» **Task instructions**: Reproduce only what runs from the line containing "각 국가별로 하나의 세금을" to the line containing "Высыпания на кожеДевочки, началось" in the records below, inclusive. Keep it exact, and keep the pictures out.

» **Data**:
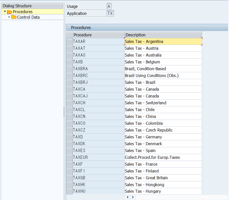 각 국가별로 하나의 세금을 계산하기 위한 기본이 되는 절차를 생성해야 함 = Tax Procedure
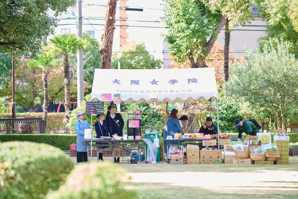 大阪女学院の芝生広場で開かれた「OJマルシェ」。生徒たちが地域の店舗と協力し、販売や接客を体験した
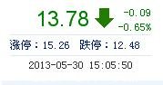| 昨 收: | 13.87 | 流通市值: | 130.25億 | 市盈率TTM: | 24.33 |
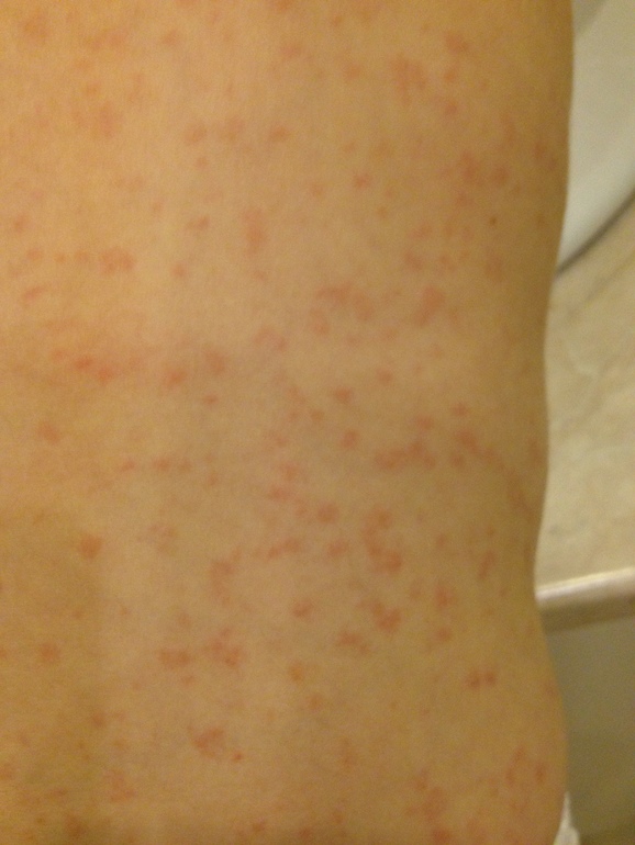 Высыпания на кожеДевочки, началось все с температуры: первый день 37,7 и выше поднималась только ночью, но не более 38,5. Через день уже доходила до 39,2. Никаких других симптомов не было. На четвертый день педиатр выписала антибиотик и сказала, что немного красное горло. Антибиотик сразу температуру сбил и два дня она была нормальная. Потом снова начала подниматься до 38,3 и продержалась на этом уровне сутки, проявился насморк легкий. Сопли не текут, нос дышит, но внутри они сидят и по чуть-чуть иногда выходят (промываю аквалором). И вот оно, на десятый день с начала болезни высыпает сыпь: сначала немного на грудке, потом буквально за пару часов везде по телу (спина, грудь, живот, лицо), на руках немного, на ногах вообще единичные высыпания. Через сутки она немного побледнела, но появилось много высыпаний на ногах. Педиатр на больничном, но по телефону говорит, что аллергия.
---
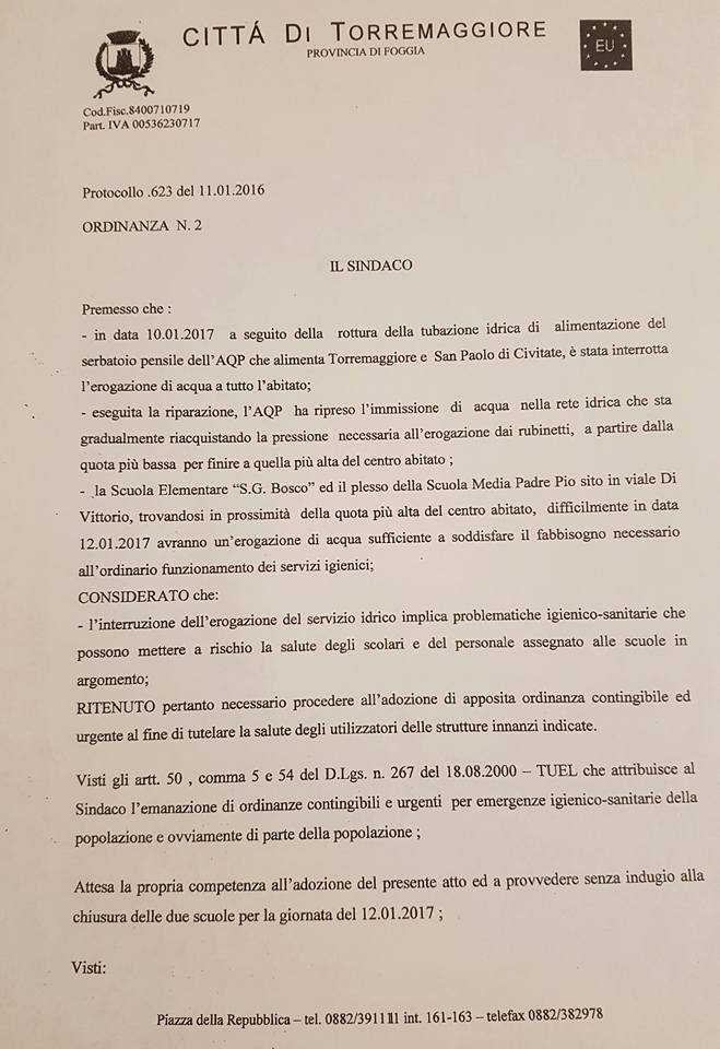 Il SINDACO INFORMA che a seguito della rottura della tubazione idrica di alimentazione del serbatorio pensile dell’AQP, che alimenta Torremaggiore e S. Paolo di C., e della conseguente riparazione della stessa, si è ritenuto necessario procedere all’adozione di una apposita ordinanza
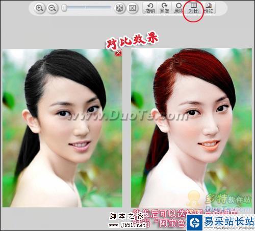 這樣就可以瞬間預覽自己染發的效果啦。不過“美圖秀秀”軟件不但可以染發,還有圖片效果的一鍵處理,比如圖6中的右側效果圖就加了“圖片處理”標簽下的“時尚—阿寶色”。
--
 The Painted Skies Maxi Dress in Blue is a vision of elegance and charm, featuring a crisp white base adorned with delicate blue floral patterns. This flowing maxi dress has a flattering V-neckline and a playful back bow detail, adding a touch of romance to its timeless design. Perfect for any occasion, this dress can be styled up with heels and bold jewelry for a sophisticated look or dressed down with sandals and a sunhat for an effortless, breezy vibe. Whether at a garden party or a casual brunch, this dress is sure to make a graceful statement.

» **Exercise response**:
 각 국가별로 하나의 세금을 계산하기 위한 기본이 되는 절차를 생성해야 함 = Tax Procedure
 大阪女学院の芝生広場で開かれた「OJマルシェ」。生徒たちが地域の店舗と協力し、販売や接客を体験した
| 昨 收: | 13.87 | 流通市值: | 130.25億 | 市盈率TTM: | 24.33 |
 Высыпания на кожеДевочки, началось все с температуры: первый день 37,7 и выше поднималась только ночью, но не более 38,5. Через день уже доходила до 39,2. Никаких других симптомов не было. На четвертый день педиатр выписала антибиотик и сказала, что немного красное горло. Антибиотик сразу температуру сбил и два дня она была нормальная. Потом снова начала подниматься до 38,3 и продержалась на этом уровне сутки, проявился насморк легкий. Сопли не текут, нос дышит, но внутри они сидят и по чуть-чуть иногда выходят (промываю аквалором). И вот оно, на десятый день с начала болезни высыпает сыпь: сначала немного на грудке, потом буквально за пару часов везде по телу (спина, грудь, живот, лицо), на руках немного, на ногах вообще единичные высыпания. Через сутки она немного побледнела, но появилось много высыпаний на ногах. Педиатр на больничном, но по телефону говорит, что аллергия.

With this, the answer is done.